Jumat, 29 Mei 2026

KPK Isyaratkan Jerat Tersangka Baru Korupsi Asuransi Jasindo

Ihwal pengembangan kasus yang baru menjerat mantan Direktur Utama Jasindo (2008-2013) Budi Tjahjono itu dipastikan Plt Juru Bicara Penindakan KPK Ali

Tayang:
Editor: Johnson Simanjuntak
TRIBUNNEWS/IRWAN RISMAWAN
Tersangka kasus korupsi kasus pembayaran komisi kegiatan fiktif agen PT A?suransi Jasindo dalam pengadaan asuransi Oil dan gas pada BP Migas-KKKS tahun 2010-2012 dan 2012-2014, Budi Tjahjono menjalani sidang lanjutan di Pengadilan Tipikor, Jakarta, Senin (17/12/2018).

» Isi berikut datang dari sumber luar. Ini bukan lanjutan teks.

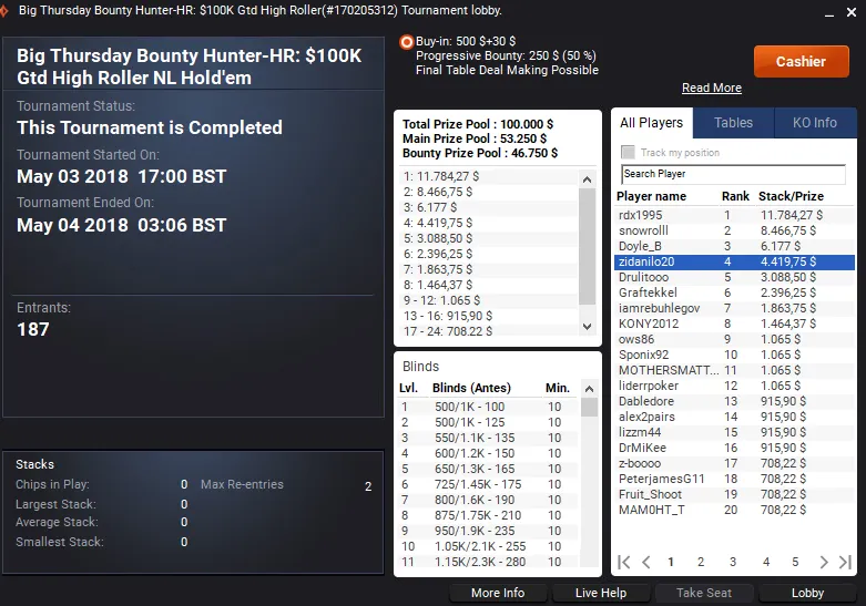 Quem também se deu bem nos panos virtuais do partypoker foi Rafael "rafaelmoraesgm" Moraes que terminou o Big Thursday Bounty Hunter High Roller na quarta colocação para forrar $8,996, entre prêmio e bounties.

Sidang mantan Dirut Jasindo itu beragendakan mendengar keterangan saksi dari JPU. TRIBUNNEWS/IRWAN RISMAWAN 

TRIBUNNEWS.COM, JAKARTA - Komisi Pemberantasan Korupsi (KPK) memastikan mengembangkan kasus korupsi pembayaran komisi kegiatan fiktif agen PT Asuransi Jasa Indonesia (Jasindo) dalam pengadaan asuransi minyak dan gas BP Migas-KKKS pada 2010-2012 dan 2012-2014.

Mengingat masih ada sejumlah pihak yang diuntungkan dari korupsi tersebut, salah satunya mantan Direktur Keuangan dan Investasi PT Jasindo Solihah.

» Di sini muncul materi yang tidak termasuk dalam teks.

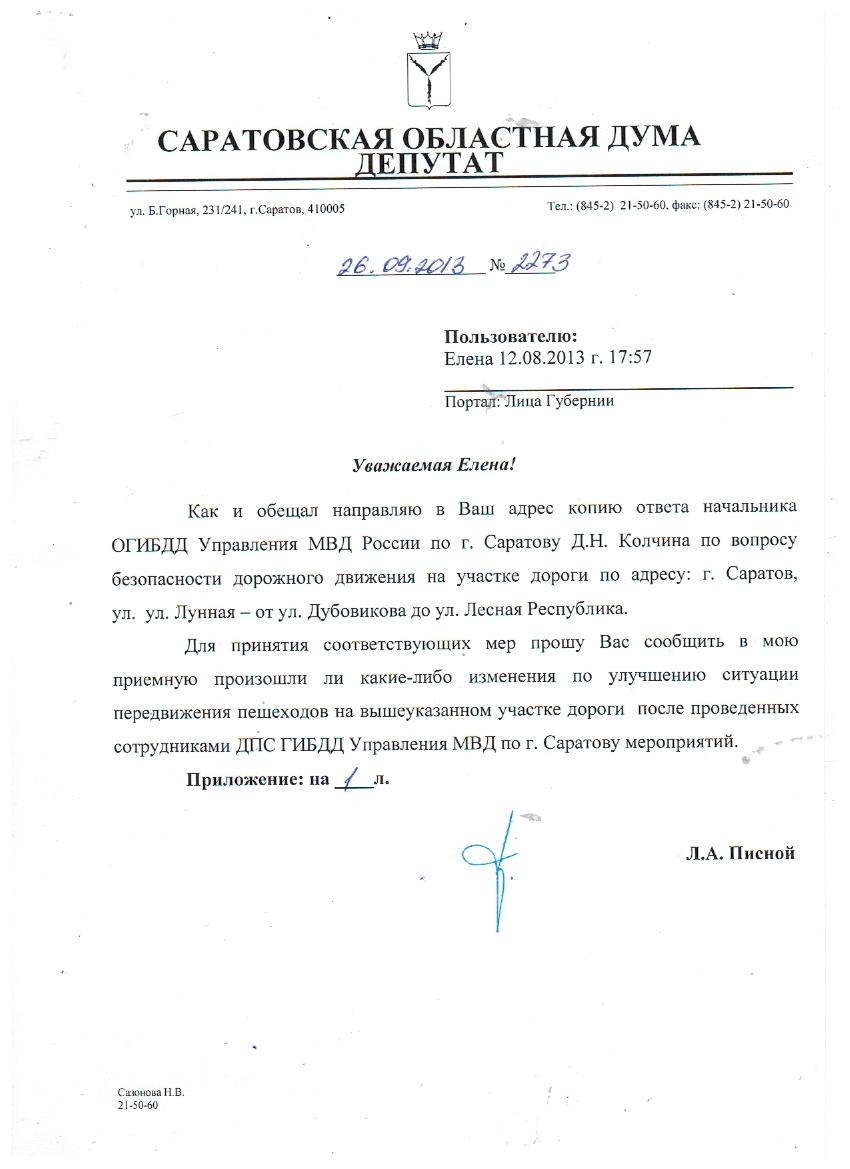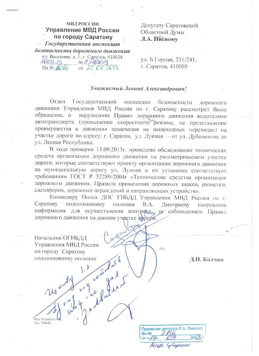 Уважаемая Елена, ну, я не думаю, что ГИБДД при принятии решения по светофорам исходило из воздушных замеров. Конечно, я ещё раз обращусь к ним и, если ответ будет отрицательным, попрошу, чтобы был контроль за знаком, за разметкой. Ну и в целях наведения порядка, обращусь к руководству ГУ МВД области с просьбой установить видеокамеру для фиксации безобразий водителей, если они не будут пропускать пешеходов.

Ihwal pengembangan kasus yang baru menjerat mantan Direktur Utama Jasindo (2008-2013) Budi Tjahjono itu dipastikan Plt Juru Bicara Penindakan KPK Ali Fikri.

Pasalnya dalam putusan hakim, terhadap Budi turut disebut perbuatan korupsi itu memperkaya mantan Dirkeu dan Investasi PT Jasindo Solihah sebesar 198.340 dolar AS; Kiagus Emil Fahmy Cornain selaku orang kepercayaan Kepala BP Migas sebesar Rp1,3 miliar; dan Soepomo Hidjazie selaku Direktur PT Bravo Delta Persada (tahun 2008-2012 agen Asuransi Jasindo) sebesar 137.000 dolar AS.

Budi sendiri telah divonis 7 tahun penjara lantaran terbukti melakukan korupsi, yakni  memperkaya diri sendiri, orang lain dan korporasi. Budi diperkaya Rp6 miliar dan 462.795 dolar AS.

"KPK memastikan akan melakukan pengembangan perkara terkait perkara jasa konsultansi bisnis asuransi dan reasuransi oil&gas pada PT Asuransi Jasa Indonesia tersebut," kata Ali saat dikonfirmasi, Rabu (11/10/2020).

Baca juga: Jalin Kerja Sama Dengan Jasindo, DPR Asuransikan Gedung Nusantara

Dikatakan Ali, pihaknya segera mengumpulkan dan menguatkan bukti untuk mengembangkan perkara ini dan mengusut aliran uang haram rasuah tersebut.

Tak menutup kemungkinan lembaga antikorupsi menjerat tersangka baru, termasuk menjerat pihak-pihak yang turut diperkaya dari korupsi tersebut.

"Saat ini fakta-fakta dan alat bukti akan segera kami kumpulkan," ujar Ali.

Dalam perkara ini, Budi terbukti merekayasa kegiatan agen dan komisi yang diberikan kepada agen PT Asuransi Jasindo.

Hal itu dilakukan sebagai imbalan jasa kegiatan agen atas penutupan asuransi aset dan kontruksi pada BP Migas-KKKS (Kontraktor Kontrak Kerja Sama) tahun 2010-2012 dan 2012-2014.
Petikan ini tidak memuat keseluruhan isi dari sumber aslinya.